Aim of the task →
Having located "Vue de l'entrée", write out its line and the remaining lines of the material exactly, the last one included, but not the pictures.

Provided data →

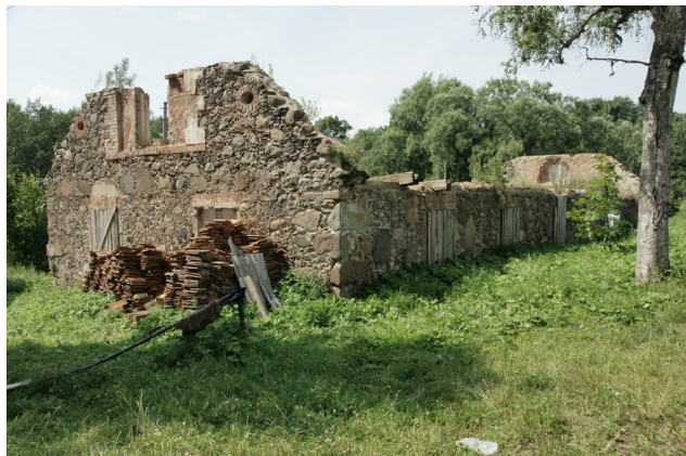
67 Darbėnai N:56-01-07 E:21-14-33
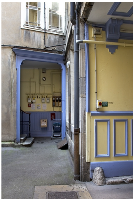
Vue de l'entrée de l'escalier à droite de la première cour.

25, Besançon, 26 rue Mégevand, lieudit : îlot Mairie
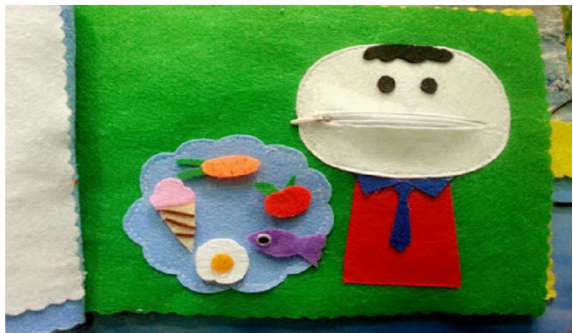
- Trò chơi với hoa, quả củ (dán, phân loại, đếm... các loại hoa quả...)
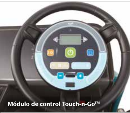
Módulo de control Touch-n-Go™

▶ El módulo de control Touch-n-Go™ con botón de inicio 1-Step™ que permite a los operarios acceder rápidamente a todos los ajustes sin retirar las manos del volante.
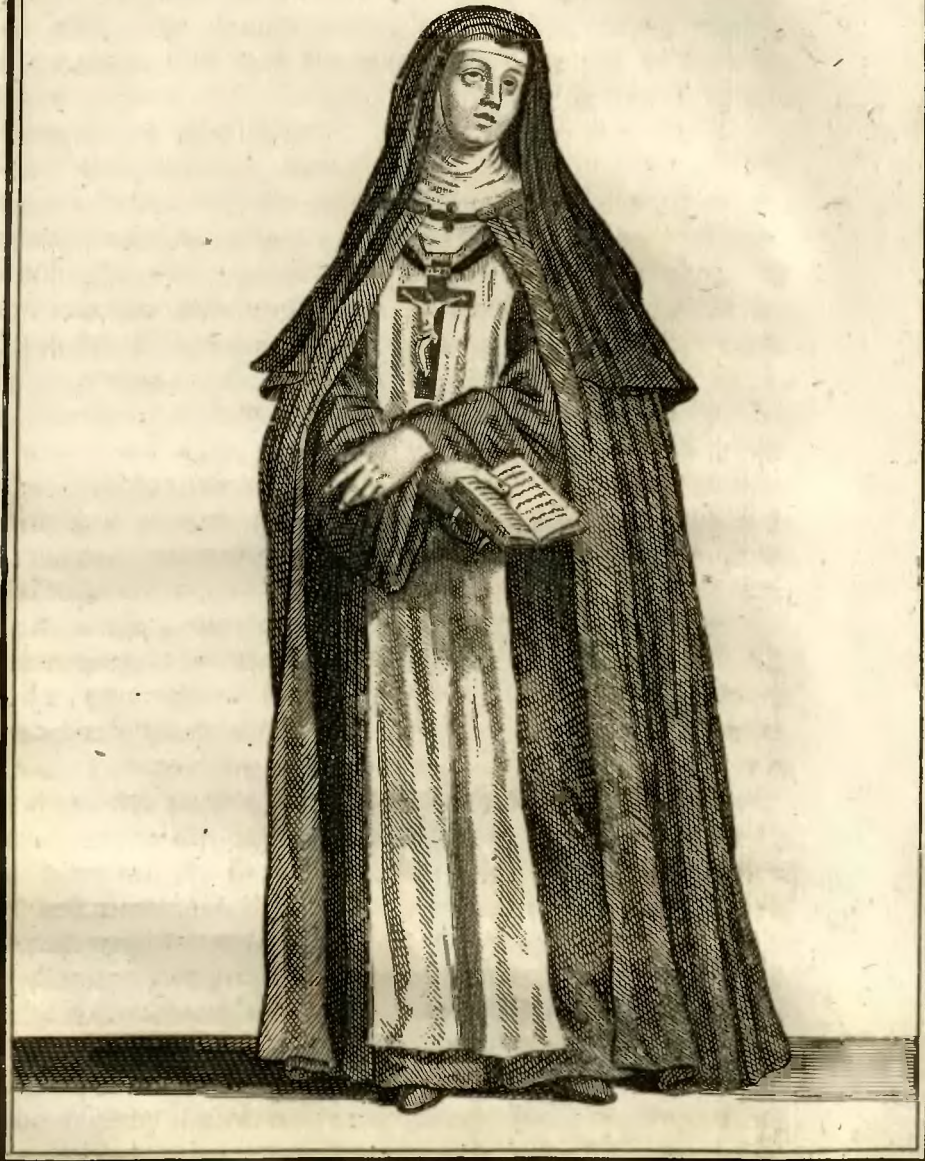
Religieuse de l'ordre de N.Dame de miséricorde, en habit de Cérémonies.

Solution →
Vue de l'entrée de l'escalier à droite de la première cour.

25, Besançon, 26 rue Mégevand, lieudit : îlot Mairie
- Trò chơi với hoa, quả củ (dán, phân loại, đếm... các loại hoa quả...)
Módulo de control Touch-n-Go™

▶ El módulo de control Touch-n-Go™ con botón de inicio 1-Step™ que permite a los operarios acceder rápidamente a todos los ajustes sin retirar las manos del volante.
Religieuse de l'ordre de N.Dame de miséricorde, en habit de Cérémonies.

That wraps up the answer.